Decision Intelligence: Modeling and Simulation

In today’s dynamic environment, organizations – whether government or commercial – must prepare and plan ahead for a high level of uncertainty. Having access to an abundance of data and advanced analytics about the present situation are not enough. Organizations must have access to the most relevant data for their decisions, and rely on advanced analytics to make better-informed decisions about different future scenarios.  

By doing this, organizations can stay ahead of the curve, developing in advance the relevant capabilities and conceptual frameworks which will enable them to absorb shocks and recover quickly.

In other words, this is the way for organizations to enhance their resilience, a critical capability recently discussed by the World Economic Forum

This is where Decision Intelligence (DI) comes in. This emerging discipline, which has evolved in the last decade, is the convergence of decision sciences and data science. The demand for DI is rising, especially considering the ongoing improvement in AI on the one hand, and the increasing organizational complexities on the other hand. Powered by AI, Decision Intelligence enables experimenting with different scenarios in a synthetic environment. By providing recommendations for action, DI improves the organization’s ability to create a better linkage between action and outcome.

Powered by AI, Decision Intelligence enables experimenting with different scenarios in a synthetic environment

Simulation and modeling, especially when powered by AI, stand at the core of Decision Intelligence.

Simulation and modeling allow the organization to apply critical thinking, stress-test different scenarios, and reveal not only new solutions but also new problems

They highlight gaps between ‘as is’ and ‘as needed’ capabilities, and provide personalized recommendations for bridging these gaps. And when augmented by Machine Learning, modeling and simulations can help organizations improve decision-making processes themselves.

In the realm of defense, for instance, Western militaries must improve their readiness to confront crises in the context of Great Power Competition with Russia and China, and to intervene in regional conflicts such as those unfolding in the Middle East. Militaries must be ready to deploy ISR assets for improved early warning when a crisis emerges; use special operation forces and other unique assets to deter and prevent escalation; and if deterrence fails, militaries must deploy and employ forces in all domains to actively intervene in an emerging conflict. Decision Intelligence relying on modeling and simulation, as part of war-gaming and scenario planning based on military doctrine, can improve military readiness – in the fields of logistics, training, HR, and even operational planning.

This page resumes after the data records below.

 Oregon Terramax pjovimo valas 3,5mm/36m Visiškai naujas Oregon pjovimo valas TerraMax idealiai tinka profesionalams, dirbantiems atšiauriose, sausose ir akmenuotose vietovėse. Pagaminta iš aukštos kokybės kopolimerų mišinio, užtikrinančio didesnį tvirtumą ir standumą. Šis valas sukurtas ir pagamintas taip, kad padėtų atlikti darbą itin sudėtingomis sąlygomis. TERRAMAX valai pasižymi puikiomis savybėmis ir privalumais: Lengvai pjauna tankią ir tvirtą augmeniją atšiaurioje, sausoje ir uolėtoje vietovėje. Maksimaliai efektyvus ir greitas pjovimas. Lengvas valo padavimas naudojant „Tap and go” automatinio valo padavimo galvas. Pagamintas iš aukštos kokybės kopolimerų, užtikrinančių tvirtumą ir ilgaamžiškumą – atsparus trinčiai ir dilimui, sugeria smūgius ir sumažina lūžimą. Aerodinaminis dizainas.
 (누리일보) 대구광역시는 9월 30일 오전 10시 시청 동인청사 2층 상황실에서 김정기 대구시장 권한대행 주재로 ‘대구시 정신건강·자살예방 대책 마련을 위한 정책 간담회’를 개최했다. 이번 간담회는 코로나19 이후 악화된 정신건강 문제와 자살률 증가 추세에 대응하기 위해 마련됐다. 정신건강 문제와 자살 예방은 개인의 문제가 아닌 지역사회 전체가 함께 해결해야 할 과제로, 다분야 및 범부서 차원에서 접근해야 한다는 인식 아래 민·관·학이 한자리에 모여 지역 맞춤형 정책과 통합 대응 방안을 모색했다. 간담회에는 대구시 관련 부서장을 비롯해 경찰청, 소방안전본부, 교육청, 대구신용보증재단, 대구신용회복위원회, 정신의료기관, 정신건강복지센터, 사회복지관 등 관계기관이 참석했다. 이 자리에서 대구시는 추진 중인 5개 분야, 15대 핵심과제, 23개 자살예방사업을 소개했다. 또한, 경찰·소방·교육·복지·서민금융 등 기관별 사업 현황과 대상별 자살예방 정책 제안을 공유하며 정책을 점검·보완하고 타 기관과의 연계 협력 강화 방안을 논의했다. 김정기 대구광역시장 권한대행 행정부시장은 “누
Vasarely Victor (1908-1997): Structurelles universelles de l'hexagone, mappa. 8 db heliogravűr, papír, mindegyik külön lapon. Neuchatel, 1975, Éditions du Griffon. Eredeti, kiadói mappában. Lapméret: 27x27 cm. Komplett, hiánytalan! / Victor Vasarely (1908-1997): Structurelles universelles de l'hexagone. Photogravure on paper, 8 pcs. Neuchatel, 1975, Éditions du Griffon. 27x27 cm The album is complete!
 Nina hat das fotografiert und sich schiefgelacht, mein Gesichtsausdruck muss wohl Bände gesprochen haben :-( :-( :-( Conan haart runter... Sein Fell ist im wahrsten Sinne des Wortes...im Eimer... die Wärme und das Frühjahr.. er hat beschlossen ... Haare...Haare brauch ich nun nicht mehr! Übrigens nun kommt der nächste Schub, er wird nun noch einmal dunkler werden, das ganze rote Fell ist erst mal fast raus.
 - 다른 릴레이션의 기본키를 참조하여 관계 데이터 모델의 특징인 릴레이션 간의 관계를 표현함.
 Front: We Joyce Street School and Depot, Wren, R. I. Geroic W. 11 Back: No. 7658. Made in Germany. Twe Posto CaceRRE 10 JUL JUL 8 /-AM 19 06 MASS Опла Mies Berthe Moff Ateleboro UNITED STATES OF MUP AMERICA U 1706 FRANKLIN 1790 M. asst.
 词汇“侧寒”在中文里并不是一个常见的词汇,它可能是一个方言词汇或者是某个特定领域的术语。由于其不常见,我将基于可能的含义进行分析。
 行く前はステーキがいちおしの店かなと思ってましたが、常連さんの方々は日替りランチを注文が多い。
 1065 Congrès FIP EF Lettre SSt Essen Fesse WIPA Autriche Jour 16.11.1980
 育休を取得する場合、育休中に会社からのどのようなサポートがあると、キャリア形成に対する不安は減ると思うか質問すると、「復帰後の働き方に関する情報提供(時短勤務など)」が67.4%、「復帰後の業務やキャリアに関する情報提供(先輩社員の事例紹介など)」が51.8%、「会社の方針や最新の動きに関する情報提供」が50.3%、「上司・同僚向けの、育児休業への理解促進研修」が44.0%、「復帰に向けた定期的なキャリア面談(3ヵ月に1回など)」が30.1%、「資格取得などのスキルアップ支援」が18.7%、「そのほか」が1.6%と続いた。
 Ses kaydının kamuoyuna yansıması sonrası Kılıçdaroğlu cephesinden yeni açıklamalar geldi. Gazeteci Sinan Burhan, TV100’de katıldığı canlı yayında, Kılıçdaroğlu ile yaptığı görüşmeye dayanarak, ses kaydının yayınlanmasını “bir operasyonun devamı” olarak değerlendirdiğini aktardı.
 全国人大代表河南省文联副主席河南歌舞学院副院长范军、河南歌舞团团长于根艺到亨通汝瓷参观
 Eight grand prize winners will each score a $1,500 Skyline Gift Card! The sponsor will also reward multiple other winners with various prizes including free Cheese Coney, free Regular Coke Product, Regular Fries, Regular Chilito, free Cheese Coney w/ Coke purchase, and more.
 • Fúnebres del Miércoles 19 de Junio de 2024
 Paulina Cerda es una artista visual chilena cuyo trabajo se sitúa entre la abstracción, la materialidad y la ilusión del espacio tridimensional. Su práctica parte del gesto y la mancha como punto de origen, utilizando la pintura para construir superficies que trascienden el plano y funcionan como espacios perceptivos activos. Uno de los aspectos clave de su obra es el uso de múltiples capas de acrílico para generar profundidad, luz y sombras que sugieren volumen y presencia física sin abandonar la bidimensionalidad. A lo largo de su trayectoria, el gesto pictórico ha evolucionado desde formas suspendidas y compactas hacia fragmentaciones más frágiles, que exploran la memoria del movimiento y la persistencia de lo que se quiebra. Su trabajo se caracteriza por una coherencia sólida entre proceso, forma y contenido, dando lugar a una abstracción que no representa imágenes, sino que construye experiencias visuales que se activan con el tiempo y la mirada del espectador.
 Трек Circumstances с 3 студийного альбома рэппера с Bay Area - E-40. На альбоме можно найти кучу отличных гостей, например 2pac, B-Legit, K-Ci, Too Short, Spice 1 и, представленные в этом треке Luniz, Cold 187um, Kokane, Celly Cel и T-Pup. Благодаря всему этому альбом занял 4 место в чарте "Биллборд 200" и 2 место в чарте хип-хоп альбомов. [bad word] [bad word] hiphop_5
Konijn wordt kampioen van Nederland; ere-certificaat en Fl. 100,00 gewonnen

In the realm of manufacturing and retail, as another example, organizations must confront disruptions in supply chains. They must maintain a high level of operations and service in the case of geopolitical crises, such as those limiting freedom of navigation or affecting maritime insurance; in cases of environmental shocks, such as those emanating from natural disasters or climate change; in cases of financial disruptions, such as those influencing the costs of transportation; and even in cases of cyber and security crises.

Decision Intelligence relying on modeling and simulation, as part of business war-gaming and scenario planning, can improve organizational resilience – in the fields of logistics, HR, finance, and management more broadly.

 

Decision Intelligence enables better-informed decision-making

It does not replace the human, but supports or augments the human’s decisions. In the current uncertain environment, managers and commanding officers must make decisions about the way they make decisions. Decision Intelligence provides them with a foundation for such process. It enables them to stay ahead of the curve.